After correcting for confounding variables, the restricted cubic spline analysis demonstrated a linear association between the LAR and 90-day mortality (p for linearity=0.9163, p<0.001) (Figure 5). The mortality rate among patients with cardiogenic shock increased in correlation with LAR levels.
The restricted cubic spline analysis of the LAR and 90-day mortality in patients with cardiogenic shock.
Decision curves corresponding to LAR, CardShock risk and IABP-SHOCK II score, respectively
Decision curve analysis revealed significant threshold-dependent variation in clinical utility among the three models (Figure 6). The LAR model demonstrated superior net benefit at intermediate threshold probabilities (30–75 %), achieving peak performance at approximately 50 % probability (net benefit≈0.12). Throughout this range, LAR maintained significantly higher net benefit than both CardShock risk score and IABP-SHOCK II score. At thresholds below 30 %, CardShock risk score showed better performance, while beyond 75 %, LAR’s net benefit declined sharply into negative values whereas the other models maintained minimal positive net benefit. All models outperformed the “treat all” and “treat none” strategies within their optimal ranges.
Decision curve analysis.
The LAR model shows optimal utility for intermediate-risk clinical decisions (30–75 % threshold), making it particularly valuable for guiding treatment in patients where intervention risks require careful consideration against potential benefits. These findings support using LAR for personalized risk assessment when clinicians encounter moderate probability scenarios in 90-day mortality prediction.
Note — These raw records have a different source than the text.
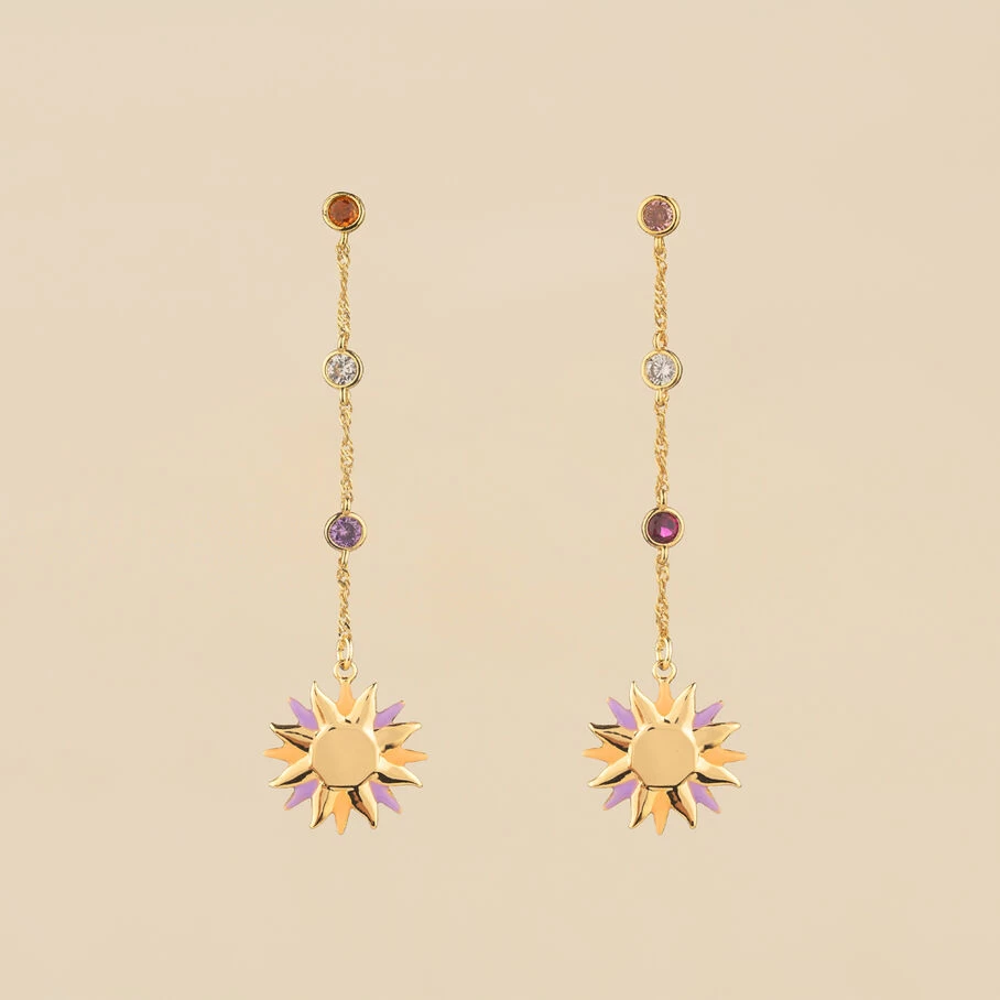 Boucles d’oreilles mi-longues, en laiton doré 750/1000, oxydes de zirconium setis clos sur chaine et soleil émaillé au bout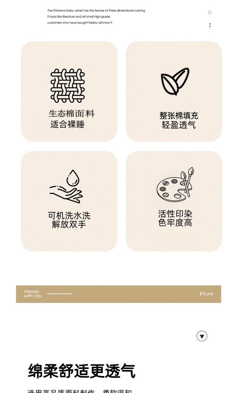 货 号:BGM-B2601 规 格:150*200cm 面料成份:生态磨棉 克 重:650g 填充物:竹炭棉 此款被子填充物采用竹炭棉,能有效抑制细菌滋生,同时吸附异味,给肌肤更洁净的睡眠环境。 亲肤透气:面料为生态磨棉,触感柔软细腻,吸湿透气,不闷汗,适合春夏季节使用。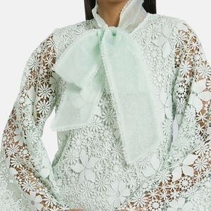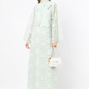 Self Portrait Guipure Mint Floral Lace Maxi Dress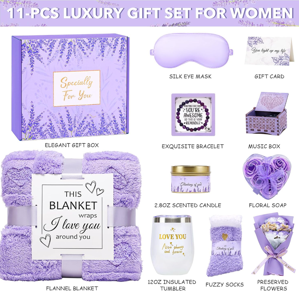 • 【11PCS CARE PACKAGE GIFTS】 The Joyliss Women’s Exclusive Gift Set contains a carefully curated selection of luxurious items, including flannel blanket*1, 12oz insulated mug*1, romantic music box*1, bracelet*1, 2.8oz scented candle*1, bath flower*1, preserved bouquet*1, gift card*1, plush socks*1, silk eye mask*1, and a gift box. Perfect for Mother’s Day and Christmas, this gift helps women relax and unwind. It’s also an excellent Valentine’s Day gift for your girlfriend or wife!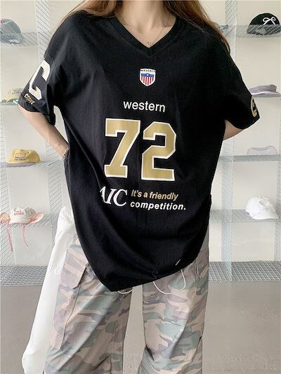 2024 夏 韓国可愛い風トップス Tシャツ ファッション系 半袖 スリムフィット サイド ペイントシルエットゆったり丈 休日レディースサイズ韓国Vネック おしゃれ カジュアル メンズライク T | Jeannede ジャンヌデ

Sensitivity analysis and subgroup analysis of high LAR threshold
We conducted a subgroup analysis to evaluate the association between the LAR and mortality in patients experiencing cardiogenic shock. This analysis included variables such as gender, age, confusion, oliguria, medical history, which encompassed coronary artery disease, myocardial infarction, coronary artery bypass grafting, heart failure with reduced ejection fraction, and diabetes mellitus, current smoker, ex-smoker, lung edema observed on X-ray, and complications related to Percutaneous Coronary Intervention (Figure 7). Among females, the HR was 4.61 (95 % CI: 1.52–14.01), while for males, it was 2.88 (95 % CI: 1.43–5.77). In the subgroup of individuals aged ≤65 years, the hazard ratio (HR) was 3.02 (95 % CI: 1.16–7.87). For those aged >65 years, the HR was 2.91 (95 % CI: 1.43–5.92). Individuals presenting with confusion showed an HR of 3.56 (95 % CI: 1.78–7.10), and those with oliguria had an HR of 3.24 (95 % CI: 1.51–6.93). In contrast, individuals without oliguria had an HR of 2.93 (95 % CI: 1.18–7.29). Those without coronary artery disease had an HR of 6.05 (95 % CI: 2.40–15.28), while individuals with a history of myocardial infarction had an HR of 2.68 (95 % CI: 1.15–6.24). For those without myocardial infarction, the HR was 4.05 (95 % CI: 1.84–8.93). Patients who did not undergo coronary artery bypass grafting had an HR of 3.43 (95 % CI: 1.80–6.53), and those without heart failure with reduced ejection fraction had an HR of 3.68 (95 % CI: 1.88–7.22). Individuals presenting with diabetes mellitus showed an HR of 3.12 (95 % CI: 1.15–8.45), and those without diabetes mellitus had an HR of 3.28 (95 % CI: 1.63–6.60). Current smokers exhibited an HR of 5.78 (95 % CI: 2.16–15.44), whereas non-smokers had an HR of 2.82 (95 % CI: 1.39–5.74). Ex-smokers had an HR of 3.12 (95 % CI: 0.91–10.71), compared to non-ex-smokers, who had an HR of 3.41 (95 % CI: 1.74–6.69). Individuals with lung edema on X-ray had an HR of 2.87 (95 % CI: 1.12–7.38), while those without lung edema had an HR of 3.63 (95 % CI: 1.75–7.55). Finally, individuals without complications from percutaneous coronary intervention had an HR of 3.24 (95 % CI: 1.64–6.40). The forest plot (Figure 7) showed no significant interaction of LAR with each subgroup (p for interaction: 0.057–0.948), suggesting that LAR serves as an independent prognostic factor.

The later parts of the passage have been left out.